— Нет, — шепчу я, и паника прорывается сквозь мое оцепенение. — Ребенок…
— Будет в безопасности, — холодно говорит он. — Это не наказание. Это перекалибровка. — он не смотрит на меня. — Тебе нужно время, чтобы вспомнить, что ты принадлежишь мне — каждая часть тебя. Включая твое молчание.
Мы добираемся до изолятора. Моей тюрьмы. Мягкой, роскошной и полностью предназначенной для того, чтобы сломать меня. Я спотыкаюсь, страх застревает в горле. — Данте, пожалуйста...
Он открывает дверь, жестом указывая внутрь. — Три дня, — просто говорит он. — Никаких книг. Никаких отвлекающих факторов. Только ты. И реальность твоего места здесь.

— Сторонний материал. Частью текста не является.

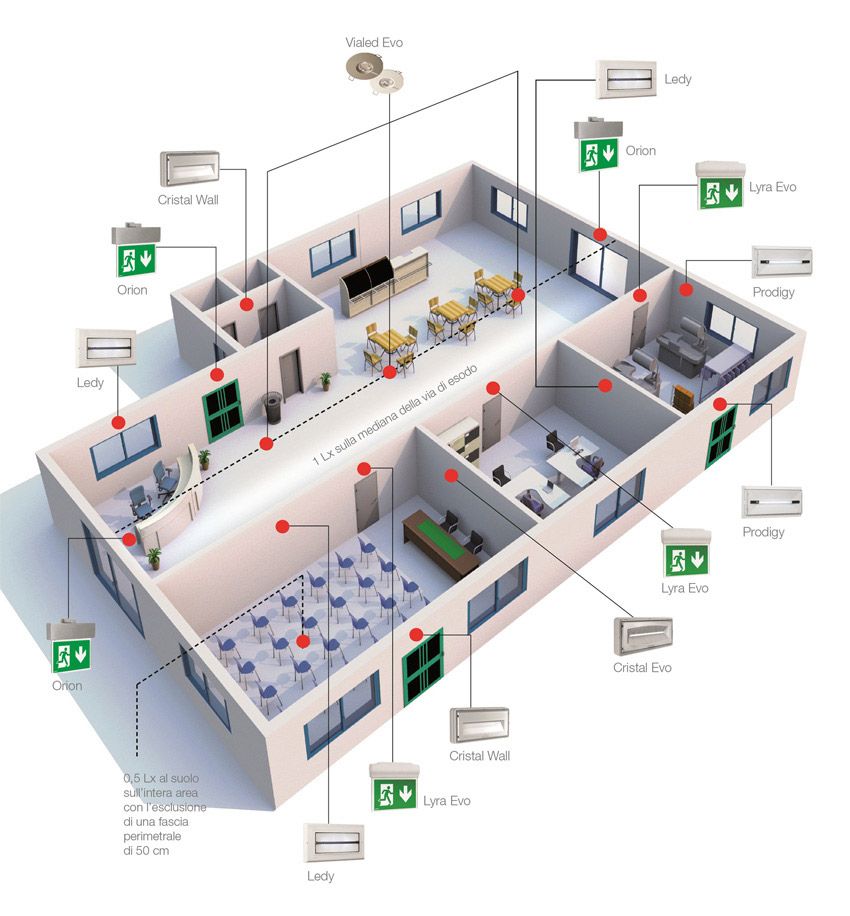 En cas de coupure de courant, il prend le relais de l'éclairage principal et éclaire les voies de sortie, guidant les personnes vers les issues de secours.

Я в отчаянии поворачиваюсь. — Это не сработает, — шепчу я. — Ты не можешь заставить меня чувствовать то, чего больше нет.
Его рот кривится в леденящей улыбке. — Ты недооцениваешь меня, Ханна.
И вот дверь закрывается. И я остаюсь одна.
ГЛАВА 4
Данте
Герб семьи Северино тяжело лежит в моей руке, его дизайн набросан на тонком пергаменте — замысловатый узор из шипастых роз, окружающих льва, сжимающего меч. Символы красоты, защищенные смертоносной силой. Думаю, это соответствует тому, чем стала Ханна в моей жизни — единственной прекрасной вещи, которую я буду защищать с неослабевающей жестокостью. Сегодня она становится чем-то большим, чем моя жена, чем моя собственность. Сегодня она становится Северино в крови и чернилах, связанной с моим семейным наследием так же глубоко, как она связана со мной.
Оригинальный герб — тот, что отлит из старинного серебра — остается запертым в моем семейном хранилище. Однако эта версия была перенесена на бумагу, подготовленная для того, чтобы игла Антона нанесла отметки на кожу Ханны. Мои пальцы обводят рисунок в последний раз, прежде чем аккуратно сложить его и положить в карман пиджака. Я уже решил, где будет отметка — на пояснице, чуть выше изгиба бедра. Достаточно конфиденциально, чтобы только я мог видеть ее регулярно, но все же она будет видна, если я решу ее выставить, декларация права собственности, более глубокая, чем татуировка на пальце или мои инициалы, вырезанные на ее шее. Это были личные претензии. Это династическое. Вечное.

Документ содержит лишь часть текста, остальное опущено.